On January 15, 2021, the Company presented in a poster session interim clinical data from its Phase 1 dose escalation study of MCLA-158 at the American Society of Clinical Oncology 2021 Gastrointestinal Cancers Symposium. MCLA-158 was administered to 33 patients over 11 dose levels (5-1500 mg, flat dose), a heavily pretreated population with an average of four lines of prior therapy. Dual EGFR/LRG5 blockade with MCLA-158 was observed to be well tolerated, and no dose limiting toxicities occurred. The recommended Phase 2 dose was established at 1500 mg administered intravenously once every two weeks. Enrollment of patients with gastro-esophageal and head-and-neck cancers continues at this dose in the expansion phase of the open-label, multicenter trial, with preliminary evidence of antitumor activity having been observed.
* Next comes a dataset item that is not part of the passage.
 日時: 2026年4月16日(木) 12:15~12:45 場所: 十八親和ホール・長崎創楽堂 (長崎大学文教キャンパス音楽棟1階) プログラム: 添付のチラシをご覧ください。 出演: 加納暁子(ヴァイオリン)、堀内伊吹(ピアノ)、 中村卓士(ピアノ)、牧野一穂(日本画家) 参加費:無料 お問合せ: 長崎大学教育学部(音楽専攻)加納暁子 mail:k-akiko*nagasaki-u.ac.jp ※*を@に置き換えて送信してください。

In January 2021, Betta Pharmaceuticals Co. Ltd. announced that the Chinese National Medical Products Administration had accepted its Investigational New Drug application of MCLA-129 injection.
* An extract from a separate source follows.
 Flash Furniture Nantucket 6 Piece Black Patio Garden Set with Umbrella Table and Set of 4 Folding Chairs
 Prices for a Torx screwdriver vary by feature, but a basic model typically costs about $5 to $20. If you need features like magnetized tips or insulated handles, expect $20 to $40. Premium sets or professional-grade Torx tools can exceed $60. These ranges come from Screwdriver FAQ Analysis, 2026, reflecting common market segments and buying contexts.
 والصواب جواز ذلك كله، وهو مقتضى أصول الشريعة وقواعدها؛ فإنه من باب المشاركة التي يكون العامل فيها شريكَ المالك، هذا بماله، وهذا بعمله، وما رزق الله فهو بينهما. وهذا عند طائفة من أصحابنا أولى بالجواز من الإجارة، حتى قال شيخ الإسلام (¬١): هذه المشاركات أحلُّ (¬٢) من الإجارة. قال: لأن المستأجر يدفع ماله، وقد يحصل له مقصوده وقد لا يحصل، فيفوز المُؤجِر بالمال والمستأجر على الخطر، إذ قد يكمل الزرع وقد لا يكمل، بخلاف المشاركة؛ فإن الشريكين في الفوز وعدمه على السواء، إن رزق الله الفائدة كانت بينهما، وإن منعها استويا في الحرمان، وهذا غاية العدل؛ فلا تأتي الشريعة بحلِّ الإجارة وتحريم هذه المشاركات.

This Report contains forward-looking statements within the meaning of the Private Securities Litigation Reform Act of 1995. All statements contained in the Report that do not relate to matters of historical fact should be considered forward-looking statements, including without limitation, statements regarding the parties’ performance under the Collaboration Agreement, the potential economics of the Collaboration Agreement, including any payments we may receive, our cash, cash equivalents and marketable securities, and the sufficiency of our cash, cash equivalents and marketable securities and proceeds from the Private Placement and the Upfront Payment. These forward-looking statements are based on management’s current expectations. These statements are neither promises nor guarantees, but involve known and unknown risks, uncertainties and other important factors that may cause our actual results, performance or achievements to be materially different from any future results, performance or achievements expressed or implied by the forward-looking statements, including, but not limited to, risks related to performance of third parties under collaboration agreements, risks related to our clinical development plans and business operations, the duration and severity of the COVID-19 pandemic and the duration and scope of government recommendations and/or mandates regarding social distancing and limitation of public exposure.
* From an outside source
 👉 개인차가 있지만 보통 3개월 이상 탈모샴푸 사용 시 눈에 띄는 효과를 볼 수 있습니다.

These and other important factors discussed under the caption “Risk Factors” in our Quarterly Report on Form 10-Q for the quarterly period ended September 30, 2020 filed with the Securities and Exchange Commission (“SEC”), on November 5, 2020, and our other reports filed with the SEC, could cause actual results to differ materially from those indicated by the forward-looking statements made in this Report. Any such forward-looking statements represent management’s estimates as of the date of this Report. While we may elect to update such forward-looking statements at some point in the future, we disclaim any obligation to do so, even if subsequent events cause our views to change, except as required under applicable law. These forward-looking statements should not be relied upon as representing our views as of any date subsequent to the date of this Report.
Pursuant to the requirements of the Securities Exchange Act of 1934, the registrant has duly caused this report to be signed on its behalf by the undersigned hereunto duly authorized.